For the sake of argument, put the public interest aside. Forget that broadcast airwaves are public property. Strictly in economic terms, the Walt Disney Co. got lucky when it failed to woo David Letterman to join ABC. The public nature of the Letterman embarrassment has granted Disney something rare in business–a second chance.
It is a moment not unlike the one General Electric, another nonbroadcaster, had a decade ago after the network it owns, NBC, faked news footage of exploding pickup trucks on “Dateline.” The humiliation shook GE into approaching the network business differently–starting with news. That turnaround is now the key to the NBC’s fortunes.
Disney could have a similar awakening. To meet its fiduciary responsibility to shareholders, Disney should either recognize that it does not understand the broadcast TV business and drastically change the way it manages ABC. Or it should divest itself of the network while it still has marketable value.
Don Hewitt, the longtime CBS executive, once noted that a broadcast television network is sometimes a cathedral, sometimes a sports stadium, sometimes a dinner table, sometimes a fireside. Implicit in that insight is that, to succeed, broadcast networks must excel at offering viewers a broad and rich brand–sports, comedy, drama, news, spectacle and more.
Unlike cable “narrowcasters,” to amass the kind of audiences required in advertising-based broadcasting, ABC, CBS and NBC must do it all and do it well. They are to television what Yahoo is to the Internet or a big metropolitan newspaper is to a community.

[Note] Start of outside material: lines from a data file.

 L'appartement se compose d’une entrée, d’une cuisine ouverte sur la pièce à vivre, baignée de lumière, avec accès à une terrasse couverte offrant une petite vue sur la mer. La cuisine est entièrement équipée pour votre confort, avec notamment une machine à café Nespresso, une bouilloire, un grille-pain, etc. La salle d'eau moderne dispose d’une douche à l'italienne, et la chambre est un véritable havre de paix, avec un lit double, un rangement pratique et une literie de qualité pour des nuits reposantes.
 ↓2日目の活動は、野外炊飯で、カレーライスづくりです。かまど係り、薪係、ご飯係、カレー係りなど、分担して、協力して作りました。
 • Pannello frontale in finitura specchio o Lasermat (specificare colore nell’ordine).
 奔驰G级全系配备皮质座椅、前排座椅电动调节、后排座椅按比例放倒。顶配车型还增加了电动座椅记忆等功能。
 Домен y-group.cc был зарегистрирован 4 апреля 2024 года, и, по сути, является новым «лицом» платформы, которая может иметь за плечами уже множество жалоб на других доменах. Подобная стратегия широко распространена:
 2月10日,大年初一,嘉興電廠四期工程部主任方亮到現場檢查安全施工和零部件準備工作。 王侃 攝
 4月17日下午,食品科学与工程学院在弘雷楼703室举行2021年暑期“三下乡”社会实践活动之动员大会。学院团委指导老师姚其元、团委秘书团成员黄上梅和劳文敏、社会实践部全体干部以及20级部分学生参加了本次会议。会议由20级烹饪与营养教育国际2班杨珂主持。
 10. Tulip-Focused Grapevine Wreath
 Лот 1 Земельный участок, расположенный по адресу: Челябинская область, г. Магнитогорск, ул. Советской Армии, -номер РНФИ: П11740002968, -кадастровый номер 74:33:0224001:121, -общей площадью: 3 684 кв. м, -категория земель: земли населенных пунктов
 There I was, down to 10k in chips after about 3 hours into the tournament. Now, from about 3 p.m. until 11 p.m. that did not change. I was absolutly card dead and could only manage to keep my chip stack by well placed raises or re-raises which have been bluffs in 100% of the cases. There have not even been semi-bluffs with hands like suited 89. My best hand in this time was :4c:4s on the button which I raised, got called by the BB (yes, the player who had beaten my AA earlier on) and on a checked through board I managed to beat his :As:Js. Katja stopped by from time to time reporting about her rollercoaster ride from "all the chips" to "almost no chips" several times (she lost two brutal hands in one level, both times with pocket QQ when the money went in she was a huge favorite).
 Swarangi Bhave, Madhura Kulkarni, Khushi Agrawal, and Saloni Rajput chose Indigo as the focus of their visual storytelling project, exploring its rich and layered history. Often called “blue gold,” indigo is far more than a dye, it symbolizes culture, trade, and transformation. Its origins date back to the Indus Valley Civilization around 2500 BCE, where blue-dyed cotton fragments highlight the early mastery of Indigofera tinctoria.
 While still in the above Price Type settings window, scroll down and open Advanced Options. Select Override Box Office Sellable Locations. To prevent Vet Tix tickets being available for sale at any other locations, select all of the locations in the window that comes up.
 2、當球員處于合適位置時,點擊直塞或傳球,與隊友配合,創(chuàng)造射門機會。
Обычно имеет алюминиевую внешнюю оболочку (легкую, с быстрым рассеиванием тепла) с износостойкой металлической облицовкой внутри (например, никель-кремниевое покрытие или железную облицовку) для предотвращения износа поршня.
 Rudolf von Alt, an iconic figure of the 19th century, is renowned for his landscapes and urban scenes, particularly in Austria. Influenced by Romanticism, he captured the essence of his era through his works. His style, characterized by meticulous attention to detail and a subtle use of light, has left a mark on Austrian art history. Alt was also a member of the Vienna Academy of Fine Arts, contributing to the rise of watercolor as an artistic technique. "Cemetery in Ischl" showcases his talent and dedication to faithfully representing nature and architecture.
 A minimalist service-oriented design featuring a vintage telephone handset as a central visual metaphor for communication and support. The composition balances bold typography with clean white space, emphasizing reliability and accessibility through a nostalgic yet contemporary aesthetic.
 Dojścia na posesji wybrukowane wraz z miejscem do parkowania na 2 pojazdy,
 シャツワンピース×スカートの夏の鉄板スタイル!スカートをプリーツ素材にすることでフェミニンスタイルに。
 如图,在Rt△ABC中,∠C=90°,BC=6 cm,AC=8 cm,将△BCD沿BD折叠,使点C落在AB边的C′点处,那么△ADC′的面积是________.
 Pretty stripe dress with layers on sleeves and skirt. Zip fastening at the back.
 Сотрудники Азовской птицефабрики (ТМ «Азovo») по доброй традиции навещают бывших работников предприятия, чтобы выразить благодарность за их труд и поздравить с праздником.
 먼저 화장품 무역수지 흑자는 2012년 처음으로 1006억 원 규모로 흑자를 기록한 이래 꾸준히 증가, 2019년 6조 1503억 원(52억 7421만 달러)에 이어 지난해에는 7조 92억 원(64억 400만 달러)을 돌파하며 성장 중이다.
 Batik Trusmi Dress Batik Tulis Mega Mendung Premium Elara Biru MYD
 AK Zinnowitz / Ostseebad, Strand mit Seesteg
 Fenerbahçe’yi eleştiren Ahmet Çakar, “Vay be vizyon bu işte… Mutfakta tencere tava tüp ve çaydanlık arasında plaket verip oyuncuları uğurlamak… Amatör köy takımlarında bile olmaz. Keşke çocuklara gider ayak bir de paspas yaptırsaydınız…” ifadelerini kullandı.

Building this kind of franchise brand requires a long-term strategy. This is what the record suggests Michael Eisner and his Disney executives do not understand, even if they pay lip service to it.
For example, ABC’s scorecard in sports has been uneven at best. It lost the U.S. Open in golf and missed the rise of NASCAR (Fox and NBC cashed in). Its answer to the decline of “Monday Night Football” was to hire a comedian. Contrast that with the way Fox quickly established brand with its own sports division.
In news, Disney acquired the best of the three network news divisions, then thinned the ranks of experienced hard-news reporters in favor of big-ticket anchors. It has further devalued news by placing in charge a non-newsperson, lawyer David Westin, who lacks influence with Eisner and the news staff.
It also walked away from plans to create a cable news network, which, as NBC’s MSNBC has shown, could have become a key to ABC’s economic health.
When Disney took over, ABC news programs were No. 1 in evenings and Sundays and strong in mornings, and its prime-time magazines were both more serious and more successful. Now it lags behind NBC in every category. In entertainment, after failing to create its own hits, Disney copied a British game show, “Who Wants to Be a Millionaire,” and when it took off made the mistake of airing it four nights a week. When inevitably it wore out, the entertainment division was left with its brand cheapened and its schedule without other hits.
In attempting to steal Letterman from CBS, Eisner and company saw a similar quick fix, a publicized raid on a rival network that would fill a hole in its late-night balance sheet created by losses at “Politically Incorrect,” a show it stole from Comedy Central.
Disney soared under Eisner by restoring and then nurturing its historic brand–animated features and theme parks. Network television has bedeviled him. ABC makes sense on paper for Disney, but it has handled the network as if it were fundamentally a platform for marketing and distributing Disney products.
But it’s not too late. It took the “Dateline” fiasco to turn around NBC. Disney can use the Letterman fiasco as a similar watershed.
If it doesn’t, it will fail not only its stockholders but the American public, which owns the airwaves, and should just sell the network to a company that gets it.